05 Bagging
Bagging (Bootstrap Aggregating)
Definition: Bagging, also known as bagged trees or bootstrap aggregation, is an ensemble method in machine learning.
Functionality: Involves growing multiple decision trees on variations of the same dataset and aggregating their predictions to improve accuracy and robustness.
reduces variance by averaging predictions → more stable and reliable model
Principles Behind Bagging
Why?
single trees are sensitive to changes in input → high variance
Ensemble Approach: averaging over multiple model mitigates this
General Applicability:
Although commonly applied to decision trees, bagging can be employed with different machine learning models.
Process of Bagging
Take B diffrent training sets (bootstrapping)
Grow separate unpruned tree on each training set
Average the resulting predictions
Bootstrapping Explained
Out of Bag (OOB) Observations:
On average, each tree uses only 2/3 of the original training data. The unused portion becomes the out of bag data for predictions.
OOB Prediction:
When predicting a new observation, only the trees that did not use that observation during training are used for predictions.
Provides a method for evaluating model performance without needing a separate validation set.
OOB error estimates the test error of the bagged model.

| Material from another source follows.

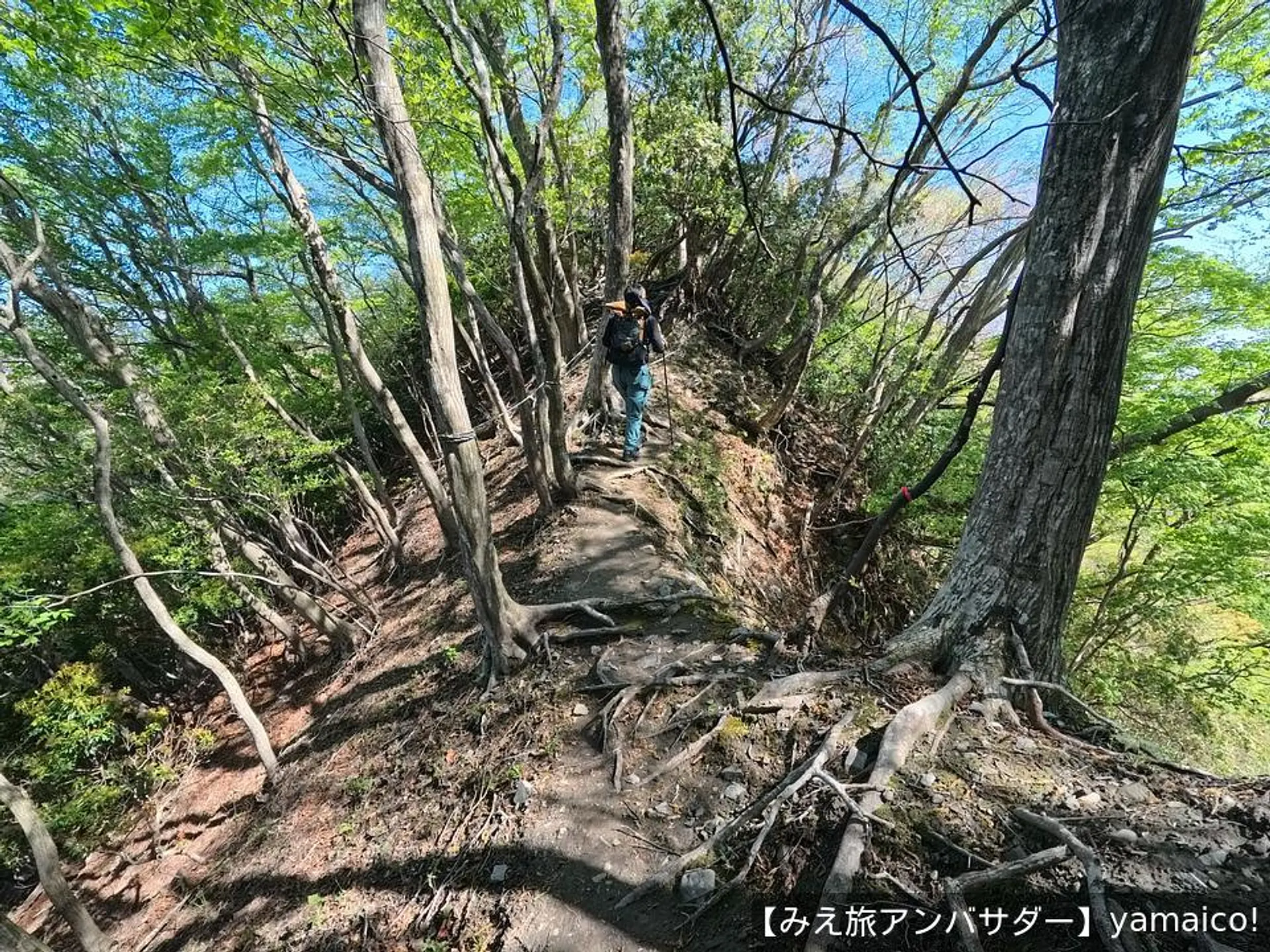 雲母峰の登山道は、序盤から急登があります。ゆっくりと呼吸を整えながら登っていきましょう。キツイ登り坂を終えた後の山頂でとても気持ちがいい絶景に出会えます。天気が良い日は、鈴鹿セブンマウンテンの御在所・鎌ヶ岳なども見られます。

Advantages and Disadvantages
Advantages of Bagging:
Reduces the chances of overfitting.
Improves accuracy compared to single decision trees.
Disadvantages of Bagging:
The ensemble model becomes less interpretable; it is challenging to convey insights from multiple trees to non-technical stakeholders.
Variable Importance in Bagging
Importance Evaluation:
Analyze the contribution of each predictor in the ensemble by tracking how much the predictor reduces the error (e.g., RSS or Gini index).
Aggregate contributions across all trees to compute the average importance of each predictor.
The larger the improvement in predictions due to a predictor, the more important it is considered.
Conclusion
Bagging effectively reduces variance and increases prediction accuracy in numerous applications, especially with decision trees, while providing flexibility in model selection through the general method of ensemble learning.